Additional Useful Methods

// Size: number of nodes in tree
public int size() {
    return size(root);
}

private int size(Node x) {
    if (x == null) return 0;
    return x.count;
}

// Height: maximum depth
public int height() {
    return height(root);
}

private int height(Node x) {
    if (x == null) return -1;
    return 1 + Math.max(height(x.left), height(x.right));
}

// Floor: largest key ≤ given key
public Key floor(Key key) {
    Node x = floor(root, key);
    if (x == null) return null;
    return x.key;
}

private Node floor(Node x, Key key) {
    if (x == null) return null;
    int cmp = key.compareTo(x.key);
    if (cmp == 0) return x;
    if (cmp < 0) return floor(x.left, key);
    Node t = floor(x.right, key);
    if (t != null) return t;
    else return x;
}
                

Tree Traversals

// Inorder: Left → Node → Right (gives sorted order!)
private void inorder(Node x) {
    if (x == null) return;
    inorder(x.left);
    System.out.println(x.key);
    inorder(x.right);
}

// Preorder: Node → Left → Right
private void preorder(Node x) {
    if (x == null) return;
    System.out.println(x.key);
    preorder(x.left);
    preorder(x.right);
}

// Postorder: Left → Right → Node
private void postorder(Node x) {
    if (x == null) return;
    postorder(x.left);
    postorder(x.right);
    System.out.println(x.key);
}
                

💡 Traversal Tip

Inorder traversal of a BST produces keys in sorted order!

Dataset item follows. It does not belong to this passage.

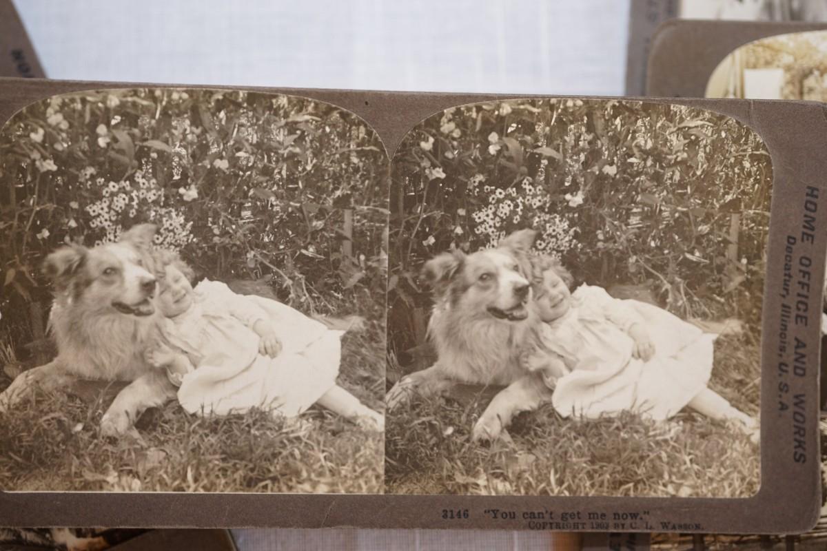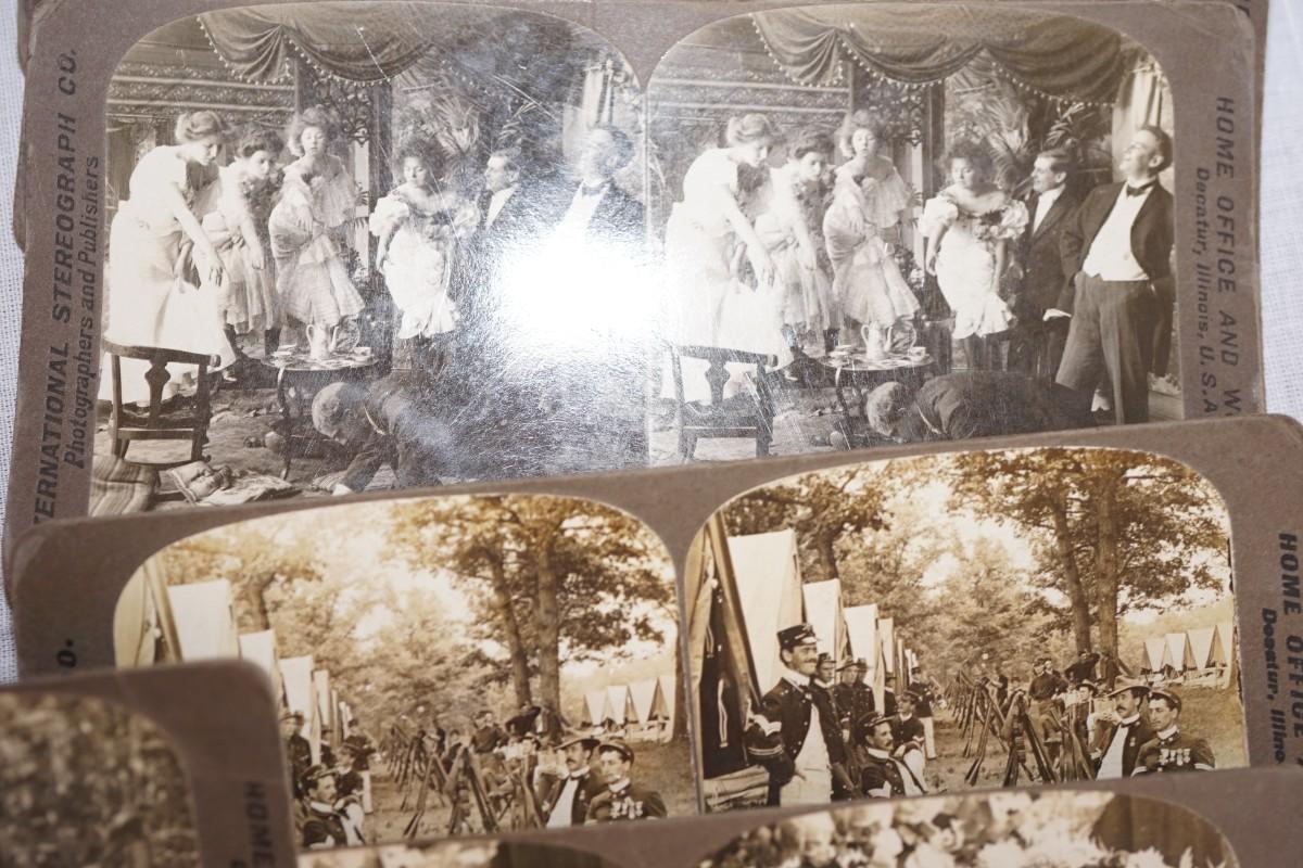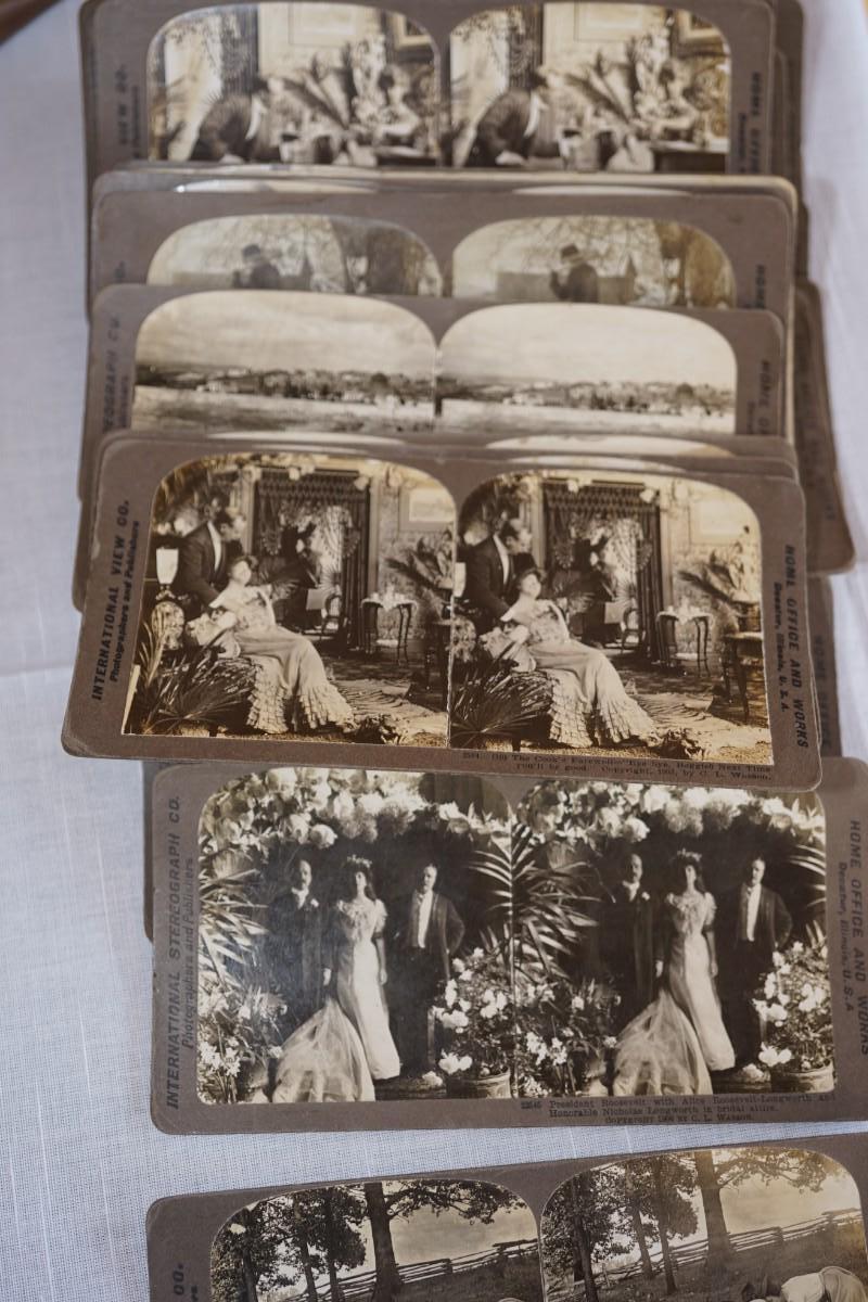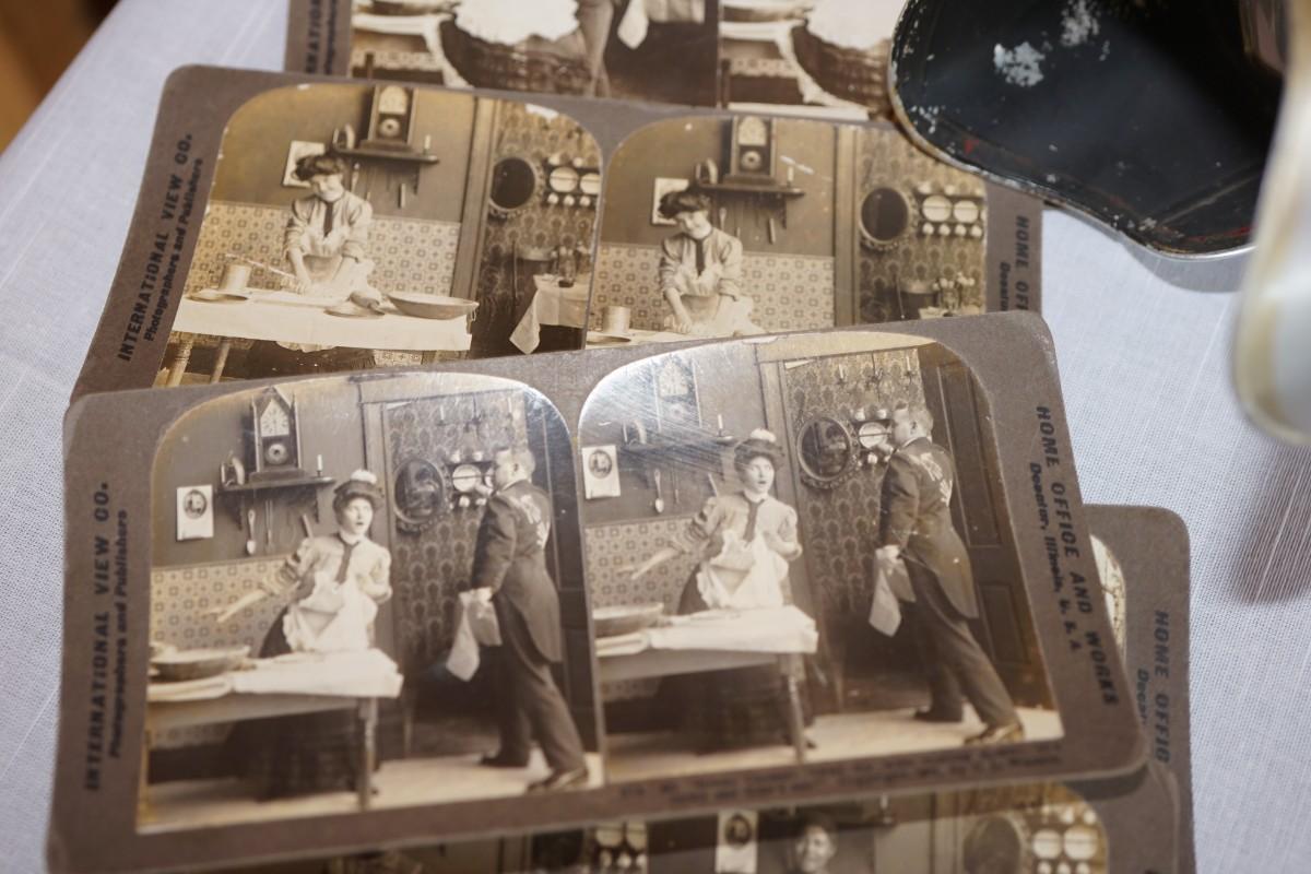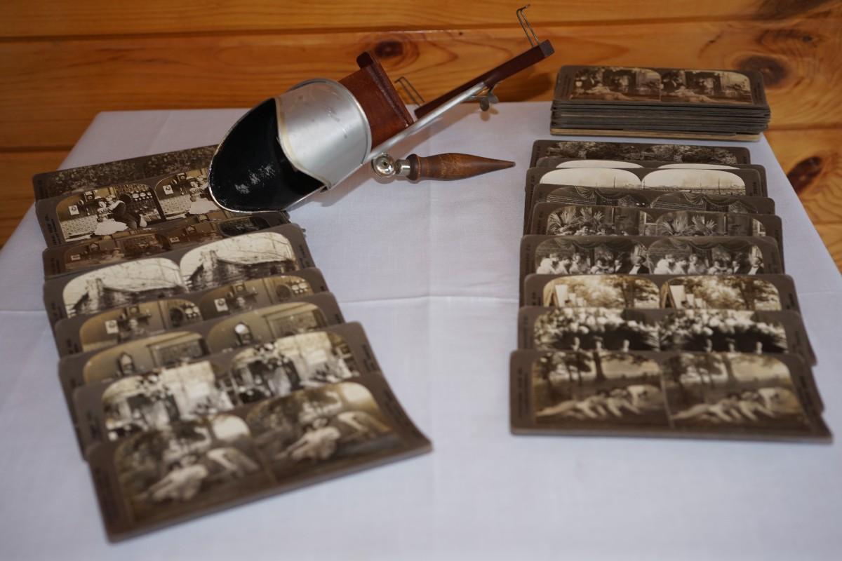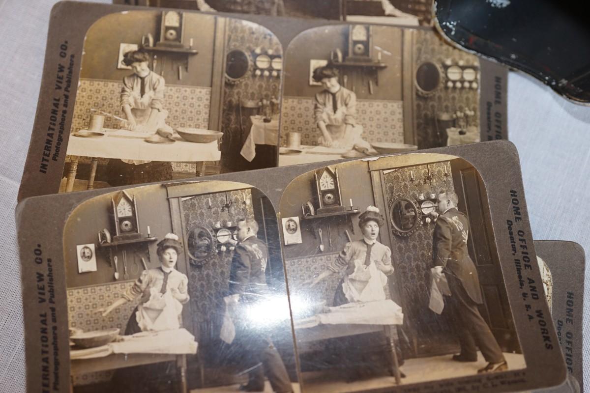ANTIQUE STEREO OPTIC VIEWER W/ 30 CARDS OF EARLY 1900'S HOME INTERIOR / FAMILY

This is why it's called "symmetric order" - the inorder traversal respects the ordering.

📝 Summary & Comparison

Symbol Table Implementation Comparison

Implementation	Search (Worst)	Insert (Worst)	Delete (Worst)	Search (Avg)	Insert (Avg)	Delete (Avg)	Ordered?
Sequential Search (Unordered List)	N	N	N	N/2	N	N/2	❌
Binary Search (Ordered Array)	log N	N	N	log N	N/2	N/2	✅
BST	N	N	N	1.39 log N	1.39 log N	√N	✅

Key Takeaways

✅ BST Advantages

Efficient search and insert: O(log N) on average
Supports ordered operations (min, max, floor, ceiling, rank)
Inorder traversal gives sorted order
Dynamic structure (no need to specify size upfront)
Simple recursive implementation

⚠️ BST Limitations

No performance guarantee: can degenerate to O(N)
Shape depends on insertion order
Delete operation degrades performance to √N
Not suitable when guaranteed performance is required

🚀 What's Next?

Balanced BSTs solve the performance guarantee problem!

2-3 Trees: Guaranteed log N performance
Red-Black Trees: Practical implementation of balanced BSTs
AVL Trees: Strictly balanced trees
B-Trees: For disk-based storage

Next lecture will cover how to guarantee logarithmic performance for all operations!

Quick Reference Card

BST Operations Cheat Sheet

Operation	Algorithm	Complexity (Avg)
Search	Compare, go left/right, repeat	O(log N)
Insert	Search, insert at null link	O(log N)
Delete (0 children)	Set parent link to null	O(log N)
Delete (1 child)	Replace with child	O(log N)
Delete (2 children)	Replace with successor (Hibbard)	O(√N)
Min/Max	Go all left/right	O(log N)
Floor/Ceiling	Search with fallback logic	O(log N)

Study Tips

📚 How to Master BSTs

Draw trees! Practice drawing insertion and deletion by hand
Trace algorithms: Follow the recursive calls step by step
Compare cases: Best vs average vs worst - understand when each occurs
Implement from scratch: Code it without looking at notes
Analyze complexity: Always count comparisons and consider tree height

Common Exam Questions

🎓 Practice Problems

Draw the BST resulting from inserting keys in order: 5, 2, 8, 1, 3, 7, 9
Show step-by-step deletion of a node with 2 children
What is the worst-case height of a BST with N nodes?
Why does Hibbard deletion degrade performance?
Compare BST vs Binary Search on arrays - when to use each?
Write recursive code for BST traversals (inorder, preorder, postorder)